Estate Taxes: 10 Things to Know

  1. In the year 2010, Congress voted to repeal estate taxes. They may either extend this repeal beyond 2010 or not. They may review the legislation prior to 2010 and these will have a significant impact on federal estate tax.
  2. The probate estate’s size is not related to the size of the estate that is subject to federal tax. Taxable estate includes all the properties owned by the person or a trust that is under the control of that person; properties owned by a trust but in which you have a significant interest; life insurance proceeds if policy is owned by the decedent or payable to their estate; and qualified retirement proceeds.
  3. In 2004 and 2005, individuals who are dying can “shelter” $1.5 million of their estate from federal estate tax because of the annual increments until it reaches the amount of $3.5 million in 2009. Some of this shelter amount may be used in lifetime gifts.
  4. You can make annual lifetime gifts of $14,000 to any number of recipients without having to pay federal gift and estate tax, and without using any from the shelter amount.
  5.  Spouses can leave as much as they want to a surviving spouse without their estate paying for federal estate tax, provided that the surviving spouse is a U.S. citizen.
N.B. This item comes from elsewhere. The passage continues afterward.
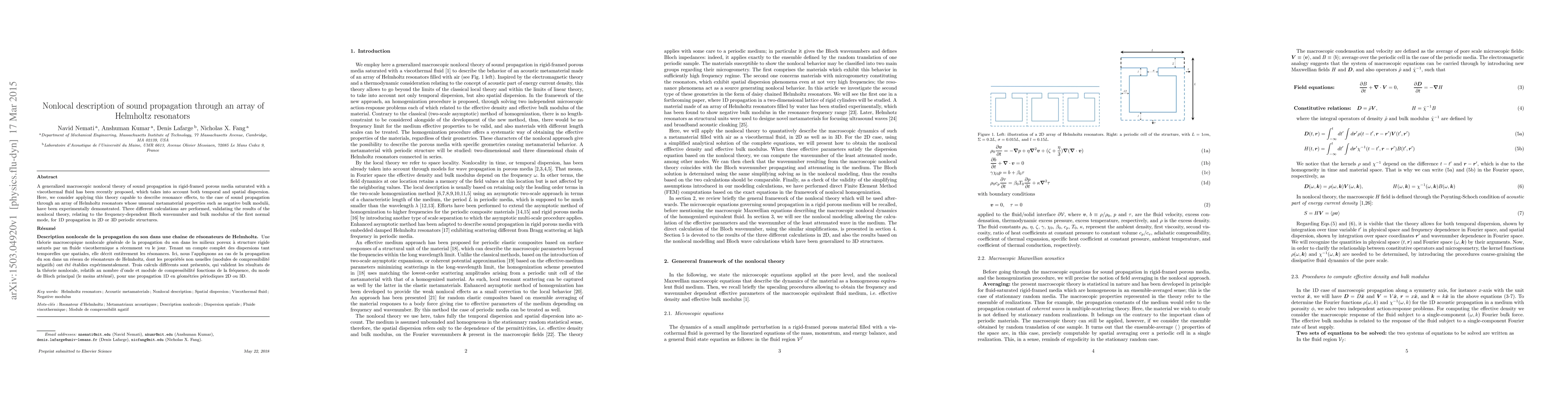 This work extends previous research by applying nonlocal theory to Helmholtz resonator arrays, validating results with FEM simulations, and demonstrating the importance of spatial dispersion in metamaterial behavior.

But the estate may still be subject to federal estate tax when surviving spouse dies.
  6. If you want to use a trust to reduce your taxable estate, then it is important for you to relinquish the control of the trust to another, and it should be an irrevocable trust.
  7. If a property is expected to increase in value in the future, it is better to turn it into a lifetime gift to save the estate from taxation when the value increases, or delay the payment of taxes for another generation. But if a property has already increased in value, it would be better to transfer it to another through a will because the recipient will get a stepped-up basis that will be equal to the property’s value upon your death. So if the property will be sold afterwards, the capital gains tax will be for the amount of the value that the property is sold minus the amount of the property upon your death, and not the amount that was originally paid for the property.
  8. The executor must file a Final United States income tax return on behalf of the decedent.
  9. Know if your state has laws on inheritance or estate tax.
  10. An accountant or an experienced tax attorney could provide an invaluable assistance in helping prepare for the federal and state tax returns of the decedent. An expert estate planning lawyer could assist and guide you in preparing the necessary documents to close out a deceased estate.